__TRY IT__. Scan the listing below for the word "Jalapenos" and copy every line where it occurs.
──────
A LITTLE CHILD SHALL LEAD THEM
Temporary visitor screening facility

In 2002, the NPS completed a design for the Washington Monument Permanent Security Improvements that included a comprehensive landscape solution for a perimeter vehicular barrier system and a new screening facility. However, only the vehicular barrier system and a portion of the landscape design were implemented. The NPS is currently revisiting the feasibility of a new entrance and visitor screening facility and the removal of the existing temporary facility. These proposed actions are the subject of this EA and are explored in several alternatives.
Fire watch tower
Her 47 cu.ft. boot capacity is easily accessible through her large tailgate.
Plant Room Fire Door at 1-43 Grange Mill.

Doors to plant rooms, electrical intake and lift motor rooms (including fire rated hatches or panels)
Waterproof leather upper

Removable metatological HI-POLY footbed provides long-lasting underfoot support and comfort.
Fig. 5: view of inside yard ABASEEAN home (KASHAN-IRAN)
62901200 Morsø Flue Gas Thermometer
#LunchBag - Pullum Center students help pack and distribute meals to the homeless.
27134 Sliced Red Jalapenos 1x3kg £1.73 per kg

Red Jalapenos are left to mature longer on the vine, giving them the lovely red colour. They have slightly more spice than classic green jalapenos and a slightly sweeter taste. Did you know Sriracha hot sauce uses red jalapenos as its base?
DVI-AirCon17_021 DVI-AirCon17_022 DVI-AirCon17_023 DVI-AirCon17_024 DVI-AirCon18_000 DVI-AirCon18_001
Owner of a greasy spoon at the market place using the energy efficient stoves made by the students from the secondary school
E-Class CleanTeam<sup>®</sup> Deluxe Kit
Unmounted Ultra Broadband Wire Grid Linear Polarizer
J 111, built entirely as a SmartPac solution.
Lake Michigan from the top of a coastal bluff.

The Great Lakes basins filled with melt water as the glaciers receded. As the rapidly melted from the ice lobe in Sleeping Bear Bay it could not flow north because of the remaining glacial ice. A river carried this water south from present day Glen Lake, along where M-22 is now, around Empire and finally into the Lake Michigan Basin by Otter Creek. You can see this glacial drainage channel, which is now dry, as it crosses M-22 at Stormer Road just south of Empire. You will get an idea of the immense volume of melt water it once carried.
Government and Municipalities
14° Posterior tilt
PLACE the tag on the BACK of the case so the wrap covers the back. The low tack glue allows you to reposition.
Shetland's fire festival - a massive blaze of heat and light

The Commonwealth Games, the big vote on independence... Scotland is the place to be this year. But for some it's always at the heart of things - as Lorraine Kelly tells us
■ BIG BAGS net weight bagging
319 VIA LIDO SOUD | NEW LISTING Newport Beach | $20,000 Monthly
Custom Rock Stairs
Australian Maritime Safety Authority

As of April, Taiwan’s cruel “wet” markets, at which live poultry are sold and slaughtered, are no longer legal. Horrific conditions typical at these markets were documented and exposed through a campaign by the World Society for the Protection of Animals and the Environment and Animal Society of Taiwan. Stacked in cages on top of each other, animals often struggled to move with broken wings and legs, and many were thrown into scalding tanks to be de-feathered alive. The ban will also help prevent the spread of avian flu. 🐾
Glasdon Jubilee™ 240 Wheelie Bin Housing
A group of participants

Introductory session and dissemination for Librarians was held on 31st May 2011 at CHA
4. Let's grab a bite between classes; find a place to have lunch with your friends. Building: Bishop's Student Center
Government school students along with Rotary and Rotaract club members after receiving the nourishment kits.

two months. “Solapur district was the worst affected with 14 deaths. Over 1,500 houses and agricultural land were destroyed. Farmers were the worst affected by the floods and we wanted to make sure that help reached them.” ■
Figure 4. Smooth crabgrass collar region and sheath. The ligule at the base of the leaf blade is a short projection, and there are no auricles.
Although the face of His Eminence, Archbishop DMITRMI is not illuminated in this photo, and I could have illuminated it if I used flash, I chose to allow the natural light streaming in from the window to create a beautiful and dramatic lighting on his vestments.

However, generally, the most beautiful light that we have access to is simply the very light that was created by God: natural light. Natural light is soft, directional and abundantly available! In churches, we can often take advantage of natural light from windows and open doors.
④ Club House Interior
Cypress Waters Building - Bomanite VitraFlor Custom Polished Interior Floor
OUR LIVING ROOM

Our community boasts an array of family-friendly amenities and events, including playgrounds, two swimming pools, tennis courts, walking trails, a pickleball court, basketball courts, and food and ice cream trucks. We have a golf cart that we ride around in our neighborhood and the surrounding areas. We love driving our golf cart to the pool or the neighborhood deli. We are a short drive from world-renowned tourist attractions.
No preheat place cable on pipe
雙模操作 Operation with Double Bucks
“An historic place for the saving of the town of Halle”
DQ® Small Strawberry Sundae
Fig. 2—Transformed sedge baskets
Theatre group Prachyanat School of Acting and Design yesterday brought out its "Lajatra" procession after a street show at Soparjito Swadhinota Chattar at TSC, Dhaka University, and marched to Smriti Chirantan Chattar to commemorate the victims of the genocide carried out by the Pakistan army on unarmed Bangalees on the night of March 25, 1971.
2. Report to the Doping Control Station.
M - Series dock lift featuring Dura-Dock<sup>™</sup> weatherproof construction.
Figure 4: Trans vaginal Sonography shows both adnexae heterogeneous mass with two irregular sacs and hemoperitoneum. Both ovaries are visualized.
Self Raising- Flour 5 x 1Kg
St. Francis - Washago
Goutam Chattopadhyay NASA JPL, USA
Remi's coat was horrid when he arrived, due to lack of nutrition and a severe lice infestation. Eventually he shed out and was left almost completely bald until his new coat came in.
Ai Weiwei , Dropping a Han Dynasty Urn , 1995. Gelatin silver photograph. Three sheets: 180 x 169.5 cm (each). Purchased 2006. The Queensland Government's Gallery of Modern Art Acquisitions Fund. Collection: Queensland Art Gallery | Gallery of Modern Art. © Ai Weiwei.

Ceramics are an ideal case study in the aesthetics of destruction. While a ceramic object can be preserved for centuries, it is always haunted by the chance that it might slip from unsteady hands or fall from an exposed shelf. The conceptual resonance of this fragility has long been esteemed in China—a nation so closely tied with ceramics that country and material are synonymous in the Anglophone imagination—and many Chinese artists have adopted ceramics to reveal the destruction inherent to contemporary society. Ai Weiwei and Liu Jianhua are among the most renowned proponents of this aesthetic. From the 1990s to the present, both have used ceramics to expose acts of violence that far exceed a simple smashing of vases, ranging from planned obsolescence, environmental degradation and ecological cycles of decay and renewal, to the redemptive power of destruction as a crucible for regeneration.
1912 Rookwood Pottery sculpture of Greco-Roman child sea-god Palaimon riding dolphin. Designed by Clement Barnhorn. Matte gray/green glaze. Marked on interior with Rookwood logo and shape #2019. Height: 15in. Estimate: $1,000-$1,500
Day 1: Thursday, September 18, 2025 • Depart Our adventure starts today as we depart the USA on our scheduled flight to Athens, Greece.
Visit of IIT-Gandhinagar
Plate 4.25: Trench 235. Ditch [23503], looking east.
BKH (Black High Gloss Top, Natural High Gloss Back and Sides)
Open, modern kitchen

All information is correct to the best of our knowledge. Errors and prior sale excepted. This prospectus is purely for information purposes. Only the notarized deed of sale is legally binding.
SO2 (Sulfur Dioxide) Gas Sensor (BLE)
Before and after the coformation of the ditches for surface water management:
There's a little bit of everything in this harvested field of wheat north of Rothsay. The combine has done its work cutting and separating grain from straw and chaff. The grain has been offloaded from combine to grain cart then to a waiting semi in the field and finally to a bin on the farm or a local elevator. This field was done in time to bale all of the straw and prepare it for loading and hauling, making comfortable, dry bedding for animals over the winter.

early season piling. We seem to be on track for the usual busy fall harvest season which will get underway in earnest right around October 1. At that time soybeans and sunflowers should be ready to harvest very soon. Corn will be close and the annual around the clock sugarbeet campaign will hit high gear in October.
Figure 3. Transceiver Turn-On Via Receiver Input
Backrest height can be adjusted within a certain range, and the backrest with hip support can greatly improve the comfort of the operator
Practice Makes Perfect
──────
__TASK ANSWER__.
27134 Sliced Red Jalapenos 1x3kg £1.73 per kg
Red Jalapenos are left to mature longer on the vine, giving them the lovely red colour. They have slightly more spice than classic green jalapenos and a slightly sweeter taste. Did you know Sriracha hot sauce uses red jalapenos as its base?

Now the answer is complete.